[edit]
DCoT: Dual Chain-of-Thought Prompting for Large Multimodal Models
Proceedings of the 16th Asian Conference on Machine Learning, PMLR 260:1064-1079, 2025.
Abstract
Inference augmentation techniques such as Chain-of-Thought have already made their mark in Large Language Models (LLMs). However, transferring these advances to Large Multimodal Models (LMMs) presents greater challenges. Drawing inspiration from human cognitive processes, this paper proposes a plug-and-play Dual Chain-of-Thought strategy, a novel pipeline that combines visual and textual guidance to improve the performance of LMMs in complex multimodal tasks.
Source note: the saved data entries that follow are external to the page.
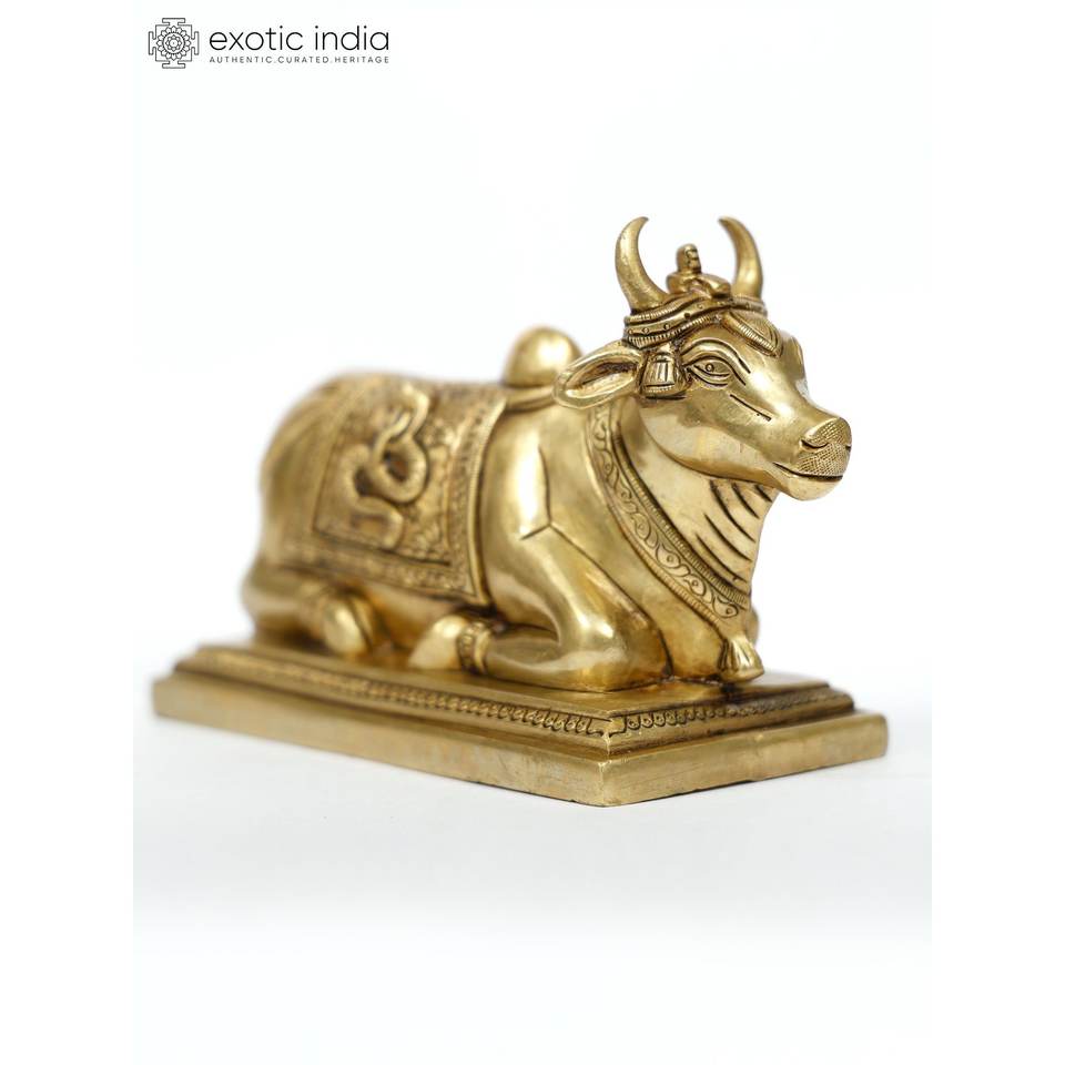 รูปปั้น Nandi ทองเหลือง8นิ้วพร้อม shivalinga ด้านหลังประติมากรรมหรูหราสำหรับตกแต่งบ้านของขวัญและวิหารทำในอินเดีย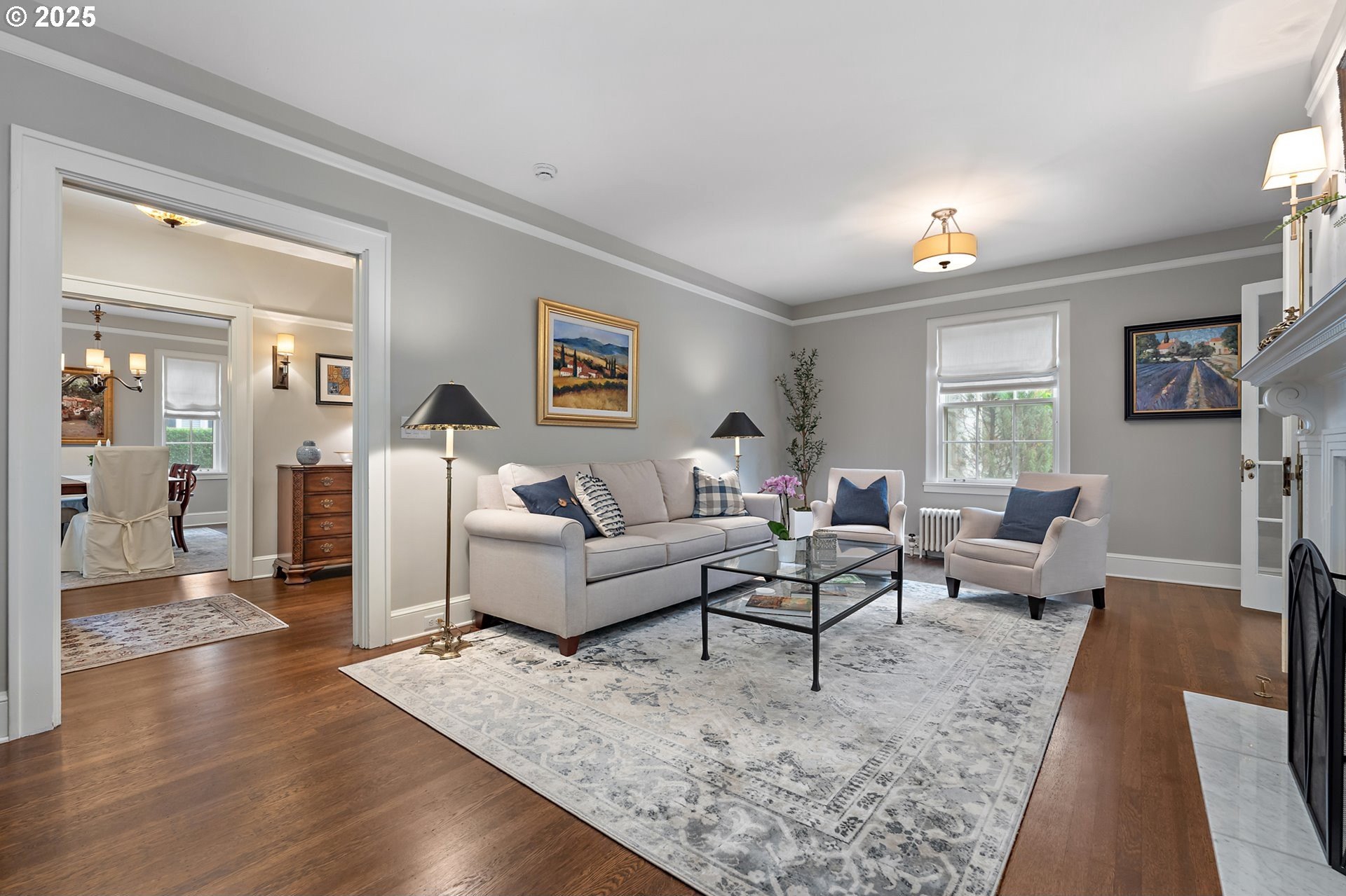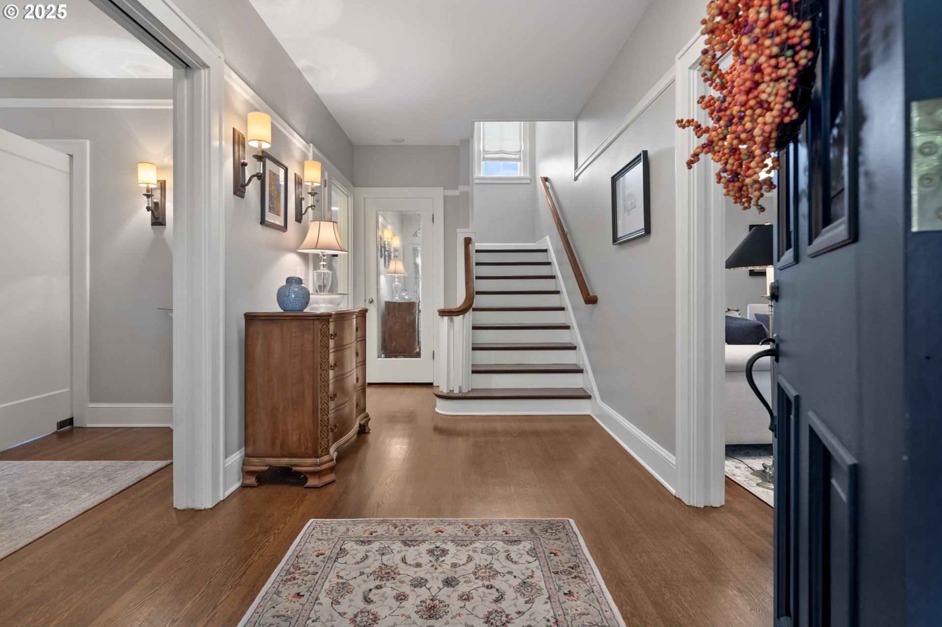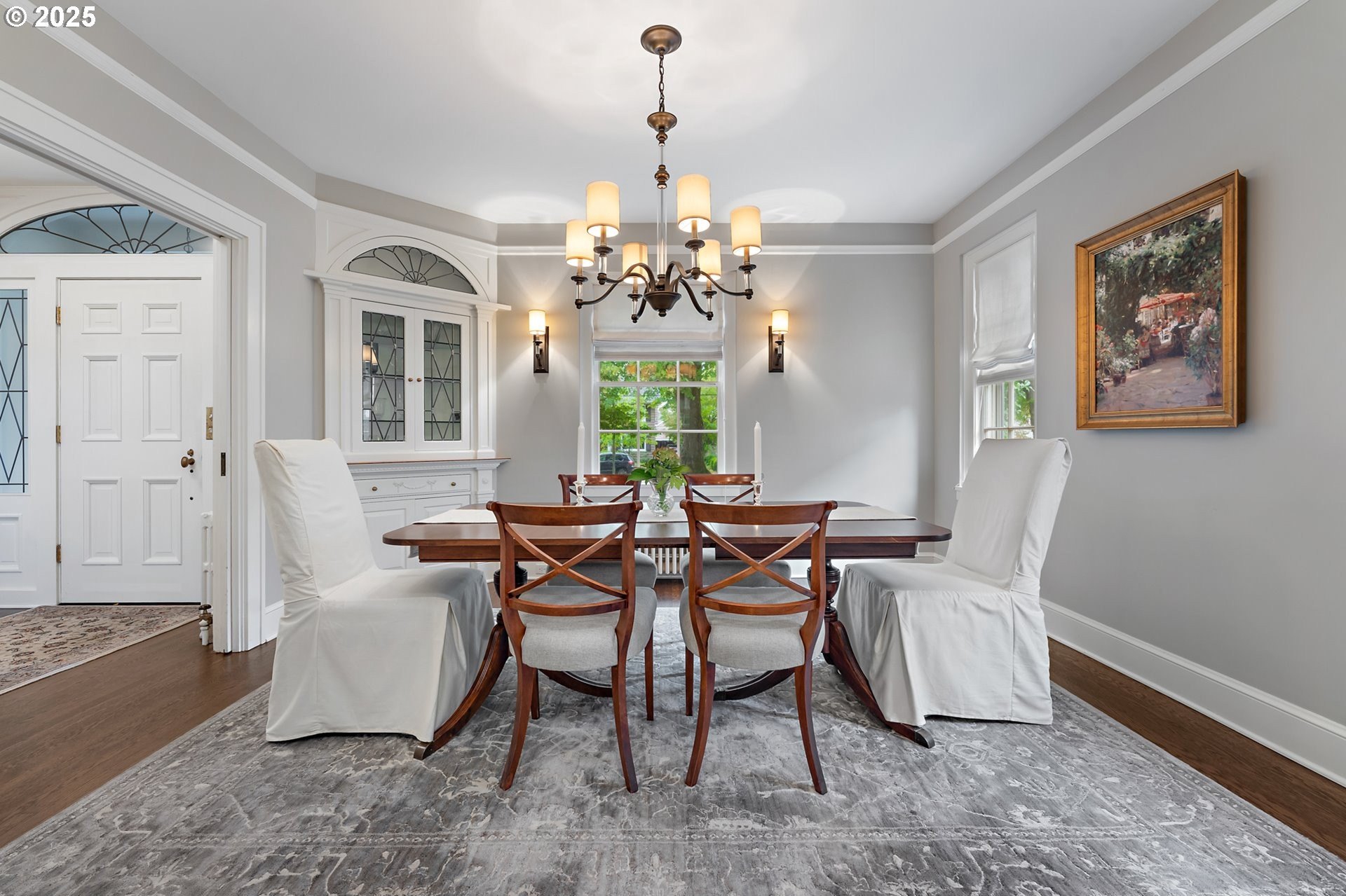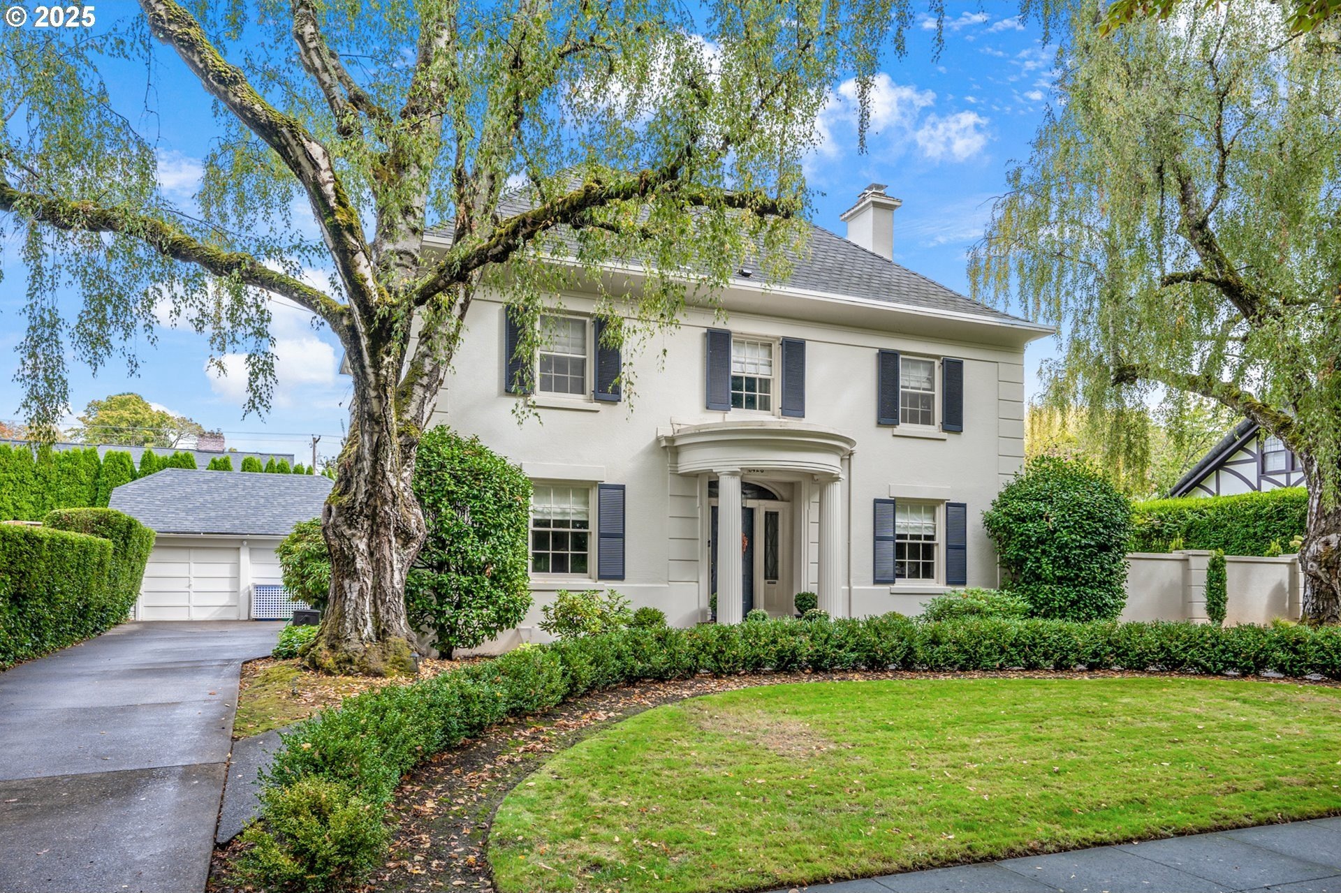 The historically significant Julia Groo House—better known as The All Electric House—is one of the most beloved homes on Eastmoreland’s coveted Reed College Place. Designed by award-winning English architect Charles Dearman James in the Colonial Revival style, this neighborhood treasure blends timeless character with modern comfort and exceptional functionality. Set on an expansive double lot, this breathtaking property has been lovingly maintained, meticulously restored, and thoughtfully updated. The unparalleled elegance of the 1920s shines through oak hardwoods, leaded glass, built-ins, high ceilings, wide baseboards, and picture moulding, while today’s essentials include a serene primary suite, an open, remodeled chef’s kitchen with premium finishes, luxe baths, and newer HVAC systems for efficiency and peace of mind. Four levels of living space offer versatility and room for all: a sun-lit family room with walls of windows on the main, a fully finished recreation/media room below, and a top level bedroom perfect for guests or a quiet home office. The outdoor areas are equally enchanting: two viewing decks on the second floor offer peaceful vistas of the neighborhood’s historic canopy, and a private backyard provides an inspiring backdrop for gatherings, play, or simple relaxation in any season. Rarely does a property combine architectural significance, impeccable restoration, and modern livability quite like this. Here is your chance to own a piece of Portland history and become part of Eastmoreland’s close-knit community, just moments from parks, schools, the golf course, and all the amenities in Sellwood/Moreland and Woodstock. Open Sun. 10/19 from 11am-1pm. [Home Energy Score = 2. HES Report at https://rpt.greenbuildingregistry.com/hes/OR10029609]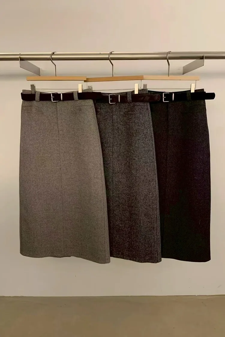 羊毛50%口袋毛昵長裙(棕,淺灰,深灰)(S,M)

The DCoT strategy uses a dual guidance mechanism to use bounding box markers to guide the model’s attention to the image region related to the query problem in the visual aspect, so as to achieve fine-grained image guidance, and in the text aspect, we propose a Fast In-Context Retrieval Framework (FICRF) dynamically and automatically obtains the most suitable examples from the well-built demonstration example cluster as context guidance according to the current problem. This bimodal approach that utilizes visual and textual guidance enhances the inference capabilities of LMMs. Extensive experiments on different LMMs and benchmark datasets have validated its effectiveness, opening up a new path in multimodal inference. Showcasing how the synergistic combination of visual and textual instructions can take the performance of these models to new heights, while demonstrating the potential of Chain-of-Thought and In-Context Learning as a superior alternative to the fine-tuning of LMMs.